Le raccourci

21 mars 2022

Le raccourci

La voiture avance. Les soldats qui y sont entassés arborent une kalachnikov, prêts à ouvrir le feu. Ils passent sous le regard effaré des badauds qui peinent à réaliser ce qui se passe. Des tirs sporadiques éclatent. Apeurés, certains se sont calfeutrés chez eux, écoutent la radio nationale qui diffuse des musiques d’un temps révolu. Les programmes sont suspendus : or en temps normal, ils s’arrêtent à minuit sonnant, avec le chant de l’hymne national. Sur les écrans des téléviseurs, passe en boucle le message suivant : « Dans quelques instants, une déclaration du Comité National des Militaires de Salon. »

Le soleil s’estompe. La nuit déploie ses ailes et survole la ville. La vieille Nènè commence à s’inquiéter, son fils n’est pas encore rentré du travail. D’habitude, il est là après la prière de asr. Capitaine dans l’Armée Nationale, Yahia compte parmi les officiers qui ont forcé l’admiration et le respect des recrues.

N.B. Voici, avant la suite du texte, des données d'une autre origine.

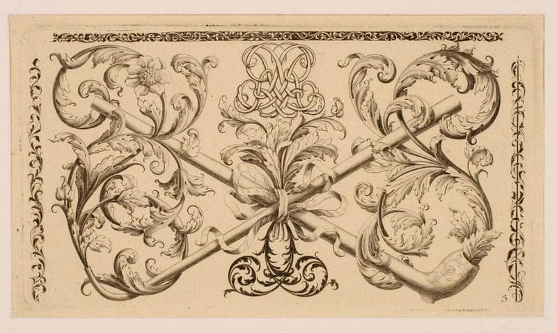Rinceaux agrémentés par deux pipes

En plus, son sourire légendaire et son calme dont il ne se départit jamais lui ont valu l’attachement des femmes en compagnie desquelles, chaque soir, il boit comme une éponge, avant de rentrer et, ivre, distribuer à sa femme et à ses enfants des coups de pied et de poing. Sa voix, devenue rappeuse sous l’effet de l’alcool, agace sa fille Aïcha, qui l’a exclu de sa considération le jour où elle l’a surpris en train de donner un baiser florentin à Amina. C’est Amina qui a ravi à Aïcha son petit ami, et depuis, elles sont en froid. Tenaillée par cette scène, Aïcha a juré de ne jamais pardonner à son père cette incartade. Dans la famille du capitaine Yahia, chacun porte sa croix…

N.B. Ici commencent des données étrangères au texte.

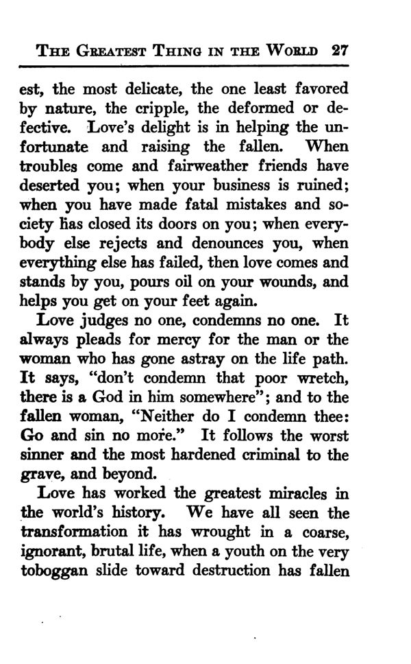 the most delicate, the one least favored by nature, the cripple, the deformed or defective. Love's delight is in helping the unfortunate and raising the fallen. When troubles come and fairweather friends have deserted you; when your business is mined; when you have made fatal mistakes and society has closed its doors on you; when every body else rejects and denounces you, when everything else has failed, then love comes and stands by you, pours oil on your wounds, and helps you get on your feet again.

« Votre farfelu de père n’est toujours pas là. Où peut-il être en ce moment ? » demanda la femme du capitaine Yahia

Les enfants n’ont rien répondu. Certes, ils ne chouchoutaient pas leur père, mais pas au point de supporter des médisances à son propos. C’est leur père après tout. Aïcha a les yeux rivés sur la couverture d’Un chant écarlate, un roman de Mariama Bâ qu’elle a lu, relu et bu. Elle lève la tête et voit entrer dans le salon la vieille Nènè. Aussitôt envoie-t-elle valdinguer le livre dans un coin, claque la porte de sa chambre. Elle sait que Nènè vient prendre des nouvelles de son fils, et elle, Aïcha, ne veut pas qu’on lui en parle.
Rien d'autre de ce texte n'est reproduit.